[R] Query regarding Approximate/Fuzzy matching & String Extraction(numeric) in R

Sun Sep 25 04:18:18 CEST 2016

> On Sep 24, 2016, at 11:49 AM, Aarushi Kaushal <kaushalaarushi at gmail.com> wrote:
> 
> Hey there,
> 
> I work for an organisation named Bullero Capital Pvt. Ltd. in New Delhi,
> which is involved in financial services, Portfolio management to be
> precise. Recently we've started creating ourselves a database using R for
> all the stocks etc. to be automated and hence analyzed accordingly for
> future investment purposes (data related to which is already available, and
> in our possession).
> 
> I and a colleague of mine, we are currently at the data cleaning stage -
> where we need to organize and format the data according to how we want it
> in the database. The problem lies in notation & symbols used in the
> original csv data files acquired from the government website - where we
> have to do approximate matching (for efficiency) and thereby extract the
> numerics only from that string of characters from the respective columns of
> the dataframe.
> 
> 1.) As of now we are looking at using the agrep function, to detect &
> locate the pattern matches namely - DIVIDEND , SPLIT, BONUS
> 
> 2.) From there on carry out the extraction of the respective numeric values
> associated with these actions in to the corresponding columns -
> BONUS_NUM(Numerator for the ratio), BONUS_DEN( Denominator for the ratio),
> SPLIT_NUM(Numerator for the ratio), SPLIT_DEN (Denominator for the Ratio),
> FInal Dividend, Interim Dividend & Special Dividend.
> 
> 
> COLUMN PURPOSE
> 
>   1. DIVIDEND-RE.1/- PER SHARE
>   2. AGM/DIV-RS.3.50 PER SHARE
>   3. SPL DIV-RS.2.70 PER SHARE
>   4. DIV - FIN 3.50RE PER SHARE + SPL-Rs.1.4
>   5. FV SPLIT Rs.10 to RE.1
>   6. BON 3:2 + SPLT Rs. 5 to Rs.2.5
>   7. BONUS 4:1
>   8. DIV:10%
> 
> Ex.
> DIVIDEND-RE.1/- PER SHARE
> FINAL_DIV-1
> 
> AGM/DIV-RS.3.50 PER SHARE
> FINAL_DIV-3.50
> 
> SPL DIV-RS.2.70 PER SHARE
> SPECIAL DIV-2.70
> 
> Ex.
> FV SPLIT Rs.10 to RE.1
> SPLIT_NUM - 1
> SPLIT_DEN - 10
> 
> Ex. BONUS 4:1
> BONUS_NUM - 4
> BONUS_DEN - 1
> 
> However, the problem with that is that agrep returns the vector indices
> instead of the string indices which makes it cumbersome to extract the
> numeric values following the respective matches.

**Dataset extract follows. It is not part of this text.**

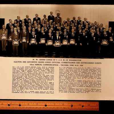 Photograph: MW Grand Lodge of Washington, Elective and Appointive grand Lodge Officers, Annual Communication, 1959. Found in photo with other photographs, various.Collection

Please read ?agrep which was my starting point. (I needed to see if `agrep` was like grep in being capable of returning character values of matches.)

Can you explain what that actually means? What would be a "string index" if it is not the value returned when the parameter to `agrep` is setas:  value=TRUE?

> So I want a Fuzzy logic approach to
> 
>   - check for the presence of SPLIT, DIVIDEND, BONUS
>   - index of which ever cell the pattern match occurs in the column
>   PURPOSE of the data frame
>   - index position of that particular pattern in the string to extract the
>   numerical value following the matched pattern
> 
> *Basically Is there any way in R to determine if the patterns can be
> checked and matched approximately while returning for value - the indices
> for the same in the respective strings?**(such that if in case the symbols
> change furthermore in the future according to the government website's
> notation in the data storage, or the format/positioning/spacing changes -
> it could account for all those changes automatically.)*
> I am attaching below the .csv file consisting of just the column we need to
> carry out the cleaning in for your convenience.
> 
> It would be very helpful, if we could get some guidance as to how to
> proceed further at the earliest.

It would be helpful for us for _you_ to construct a simple example and explain what was desired from it (as is described in the Posting Guide).

-- 

David Winsemius
Alameda, CA, USA